INPUT RECORDS:
┌──
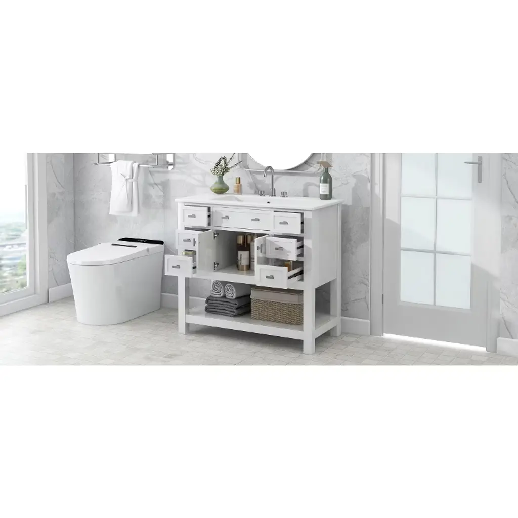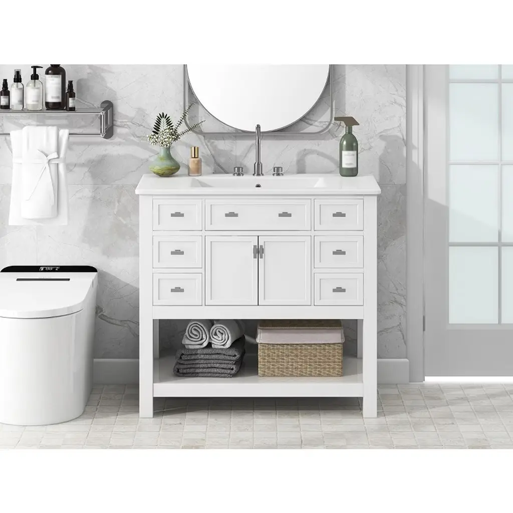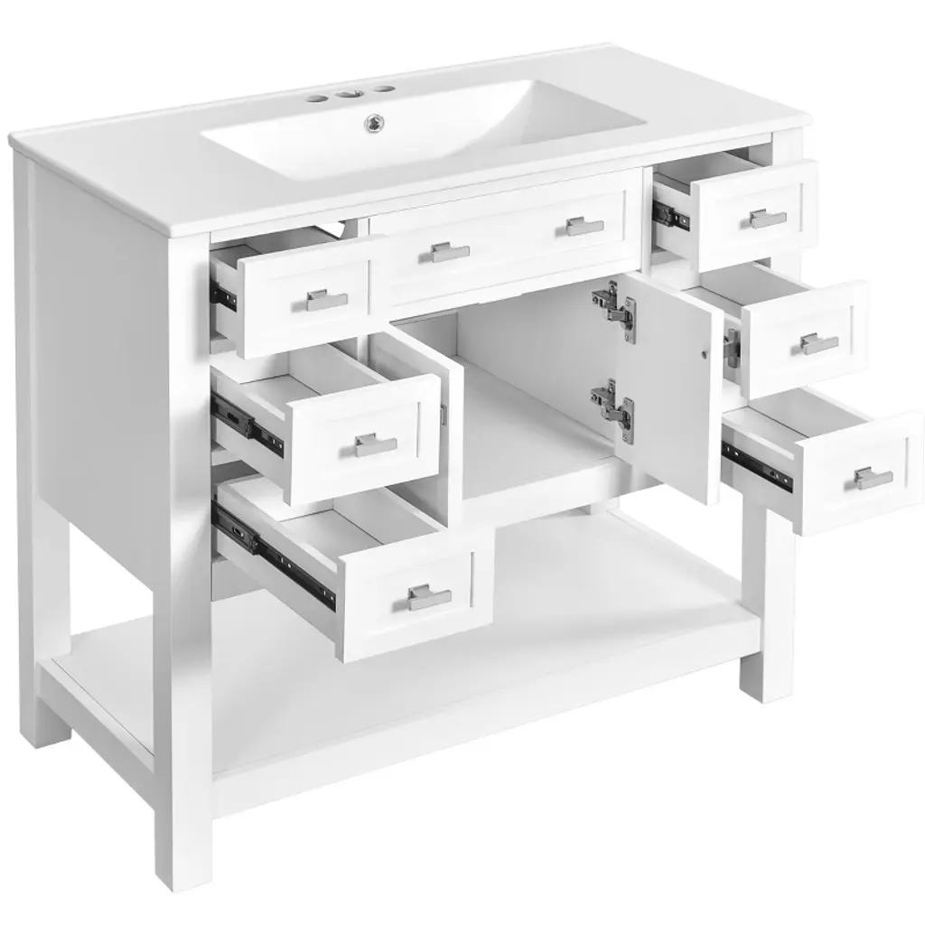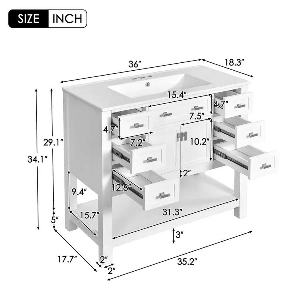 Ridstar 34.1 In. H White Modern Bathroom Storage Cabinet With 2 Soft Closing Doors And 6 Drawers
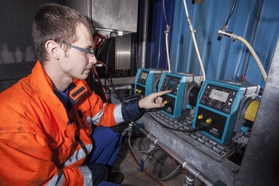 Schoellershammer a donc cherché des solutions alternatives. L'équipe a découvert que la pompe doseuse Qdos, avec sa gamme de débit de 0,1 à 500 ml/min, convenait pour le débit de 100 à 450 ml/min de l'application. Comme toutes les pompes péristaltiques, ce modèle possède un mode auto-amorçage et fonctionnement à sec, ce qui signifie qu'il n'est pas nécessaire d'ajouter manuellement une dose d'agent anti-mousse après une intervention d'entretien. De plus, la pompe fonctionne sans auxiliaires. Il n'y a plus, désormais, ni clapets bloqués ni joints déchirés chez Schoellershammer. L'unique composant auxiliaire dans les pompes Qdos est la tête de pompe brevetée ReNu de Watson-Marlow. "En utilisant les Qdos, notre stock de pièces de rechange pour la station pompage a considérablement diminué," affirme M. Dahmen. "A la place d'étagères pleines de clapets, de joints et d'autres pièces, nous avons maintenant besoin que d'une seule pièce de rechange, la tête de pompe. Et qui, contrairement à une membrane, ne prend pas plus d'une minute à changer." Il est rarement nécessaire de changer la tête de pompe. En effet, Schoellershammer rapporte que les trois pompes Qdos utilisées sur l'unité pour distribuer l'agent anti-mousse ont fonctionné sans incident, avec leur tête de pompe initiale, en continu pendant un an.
└──
┌──
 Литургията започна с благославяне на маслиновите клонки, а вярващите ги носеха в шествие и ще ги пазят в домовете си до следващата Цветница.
└──
YOUR INSTRUCTIONS: Within the material above, only the stretch from the line holding "Ridstar 34.1 In." through the line holding "Schoellershammer a donc" is to be restated exactly. Pictures are dropped.

WRITTEN ANSWER:
 Ridstar 34.1 In. H White Modern Bathroom Storage Cabinet With 2 Soft Closing Doors And 6 Drawers
 Schoellershammer a donc cherché des solutions alternatives. L'équipe a découvert que la pompe doseuse Qdos, avec sa gamme de débit de 0,1 à 500 ml/min, convenait pour le débit de 100 à 450 ml/min de l'application. Comme toutes les pompes péristaltiques, ce modèle possède un mode auto-amorçage et fonctionnement à sec, ce qui signifie qu'il n'est pas nécessaire d'ajouter manuellement une dose d'agent anti-mousse après une intervention d'entretien. De plus, la pompe fonctionne sans auxiliaires. Il n'y a plus, désormais, ni clapets bloqués ni joints déchirés chez Schoellershammer. L'unique composant auxiliaire dans les pompes Qdos est la tête de pompe brevetée ReNu de Watson-Marlow. "En utilisant les Qdos, notre stock de pièces de rechange pour la station pompage a considérablement diminué," affirme M. Dahmen. "A la place d'étagères pleines de clapets, de joints et d'autres pièces, nous avons maintenant besoin que d'une seule pièce de rechange, la tête de pompe. Et qui, contrairement à une membrane, ne prend pas plus d'une minute à changer." Il est rarement nécessaire de changer la tête de pompe. En effet, Schoellershammer rapporte que les trois pompes Qdos utilisées sur l'unité pour distribuer l'agent anti-mousse ont fonctionné sans incident, avec leur tête de pompe initiale, en continu pendant un an.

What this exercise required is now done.